:: Input for this task

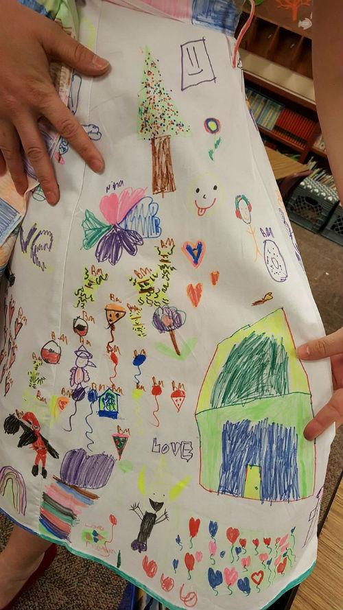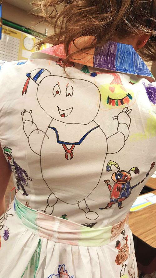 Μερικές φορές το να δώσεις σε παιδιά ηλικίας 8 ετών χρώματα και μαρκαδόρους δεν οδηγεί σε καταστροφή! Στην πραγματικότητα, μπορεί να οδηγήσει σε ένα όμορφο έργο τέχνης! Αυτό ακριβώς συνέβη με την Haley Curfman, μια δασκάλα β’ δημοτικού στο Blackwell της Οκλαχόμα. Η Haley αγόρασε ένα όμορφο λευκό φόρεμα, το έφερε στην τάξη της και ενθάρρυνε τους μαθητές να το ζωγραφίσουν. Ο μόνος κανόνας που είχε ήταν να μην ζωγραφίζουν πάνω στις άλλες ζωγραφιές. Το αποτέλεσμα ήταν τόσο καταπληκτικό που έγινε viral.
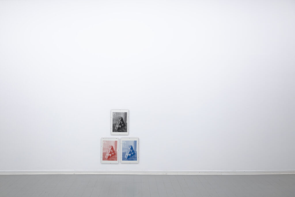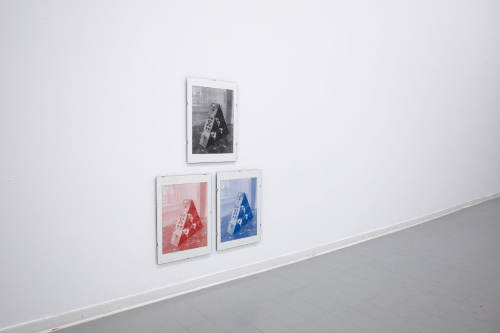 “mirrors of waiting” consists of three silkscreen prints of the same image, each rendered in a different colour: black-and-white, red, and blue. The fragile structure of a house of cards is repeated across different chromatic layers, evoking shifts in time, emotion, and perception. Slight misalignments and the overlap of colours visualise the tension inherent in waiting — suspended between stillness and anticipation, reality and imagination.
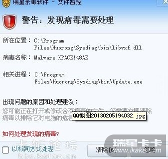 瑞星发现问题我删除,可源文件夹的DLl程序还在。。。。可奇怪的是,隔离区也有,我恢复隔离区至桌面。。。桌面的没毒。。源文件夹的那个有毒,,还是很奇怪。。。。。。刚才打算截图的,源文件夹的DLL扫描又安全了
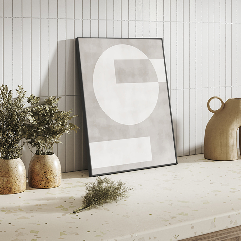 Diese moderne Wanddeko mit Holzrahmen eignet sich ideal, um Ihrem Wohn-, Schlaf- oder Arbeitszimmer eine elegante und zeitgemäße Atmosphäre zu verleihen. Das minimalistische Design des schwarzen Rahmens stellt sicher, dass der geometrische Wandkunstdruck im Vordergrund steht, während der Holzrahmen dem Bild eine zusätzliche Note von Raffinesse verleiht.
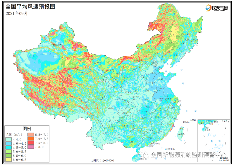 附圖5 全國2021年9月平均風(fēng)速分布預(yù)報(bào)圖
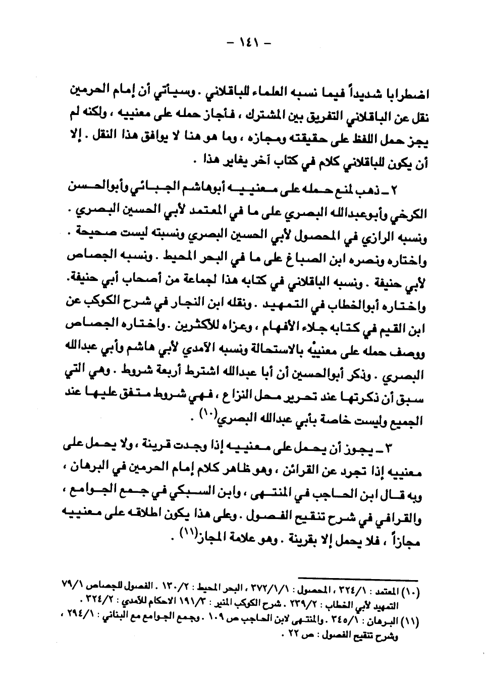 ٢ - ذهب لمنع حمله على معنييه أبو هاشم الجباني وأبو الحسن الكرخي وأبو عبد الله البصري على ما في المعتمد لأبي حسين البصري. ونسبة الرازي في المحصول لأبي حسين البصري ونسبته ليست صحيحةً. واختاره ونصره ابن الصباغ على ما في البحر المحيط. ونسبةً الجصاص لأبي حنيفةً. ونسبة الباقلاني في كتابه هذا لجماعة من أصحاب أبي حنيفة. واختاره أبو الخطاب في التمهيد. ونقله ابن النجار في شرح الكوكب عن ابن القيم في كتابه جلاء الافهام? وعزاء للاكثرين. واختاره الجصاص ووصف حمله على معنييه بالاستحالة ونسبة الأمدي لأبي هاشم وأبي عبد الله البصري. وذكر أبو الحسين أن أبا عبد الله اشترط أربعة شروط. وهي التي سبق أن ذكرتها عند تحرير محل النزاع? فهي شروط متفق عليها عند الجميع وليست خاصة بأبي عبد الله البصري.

::::

■ Activity ■
From the first line to the last, copy the listing above exactly and leave out the images.

■ Solution to this task ■
 Μερικές φορές το να δώσεις σε παιδιά ηλικίας 8 ετών χρώματα και μαρκαδόρους δεν οδηγεί σε καταστροφή! Στην πραγματικότητα, μπορεί να οδηγήσει σε ένα όμορφο έργο τέχνης! Αυτό ακριβώς συνέβη με την Haley Curfman, μια δασκάλα β’ δημοτικού στο Blackwell της Οκλαχόμα. Η Haley αγόρασε ένα όμορφο λευκό φόρεμα, το έφερε στην τάξη της και ενθάρρυνε τους μαθητές να το ζωγραφίσουν. Ο μόνος κανόνας που είχε ήταν να μην ζωγραφίζουν πάνω στις άλλες ζωγραφιές. Το αποτέλεσμα ήταν τόσο καταπληκτικό που έγινε viral.
 “mirrors of waiting” consists of three silkscreen prints of the same image, each rendered in a different colour: black-and-white, red, and blue. The fragile structure of a house of cards is repeated across different chromatic layers, evoking shifts in time, emotion, and perception. Slight misalignments and the overlap of colours visualise the tension inherent in waiting — suspended between stillness and anticipation, reality and imagination.
 瑞星发现问题我删除,可源文件夹的DLl程序还在。。。。可奇怪的是,隔离区也有,我恢复隔离区至桌面。。。桌面的没毒。。源文件夹的那个有毒,,还是很奇怪。。。。。。刚才打算截图的,源文件夹的DLL扫描又安全了
 Diese moderne Wanddeko mit Holzrahmen eignet sich ideal, um Ihrem Wohn-, Schlaf- oder Arbeitszimmer eine elegante und zeitgemäße Atmosphäre zu verleihen. Das minimalistische Design des schwarzen Rahmens stellt sicher, dass der geometrische Wandkunstdruck im Vordergrund steht, während der Holzrahmen dem Bild eine zusätzliche Note von Raffinesse verleiht.
 附圖5 全國2021年9月平均風(fēng)速分布預(yù)報(bào)圖
 ٢ - ذهب لمنع حمله على معنييه أبو هاشم الجباني وأبو الحسن الكرخي وأبو عبد الله البصري على ما في المعتمد لأبي حسين البصري. ونسبة الرازي في المحصول لأبي حسين البصري ونسبته ليست صحيحةً. واختاره ونصره ابن الصباغ على ما في البحر المحيط. ونسبةً الجصاص لأبي حنيفةً. ونسبة الباقلاني في كتابه هذا لجماعة من أصحاب أبي حنيفة. واختاره أبو الخطاب في التمهيد. ونقله ابن النجار في شرح الكوكب عن ابن القيم في كتابه جلاء الافهام? وعزاء للاكثرين. واختاره الجصاص ووصف حمله على معنييه بالاستحالة ونسبة الأمدي لأبي هاشم وأبي عبد الله البصري. وذكر أبو الحسين أن أبا عبد الله اشترط أربعة شروط. وهي التي سبق أن ذكرتها عند تحرير محل النزاع? فهي شروط متفق عليها عند الجميع وليست خاصة بأبي عبد الله البصري.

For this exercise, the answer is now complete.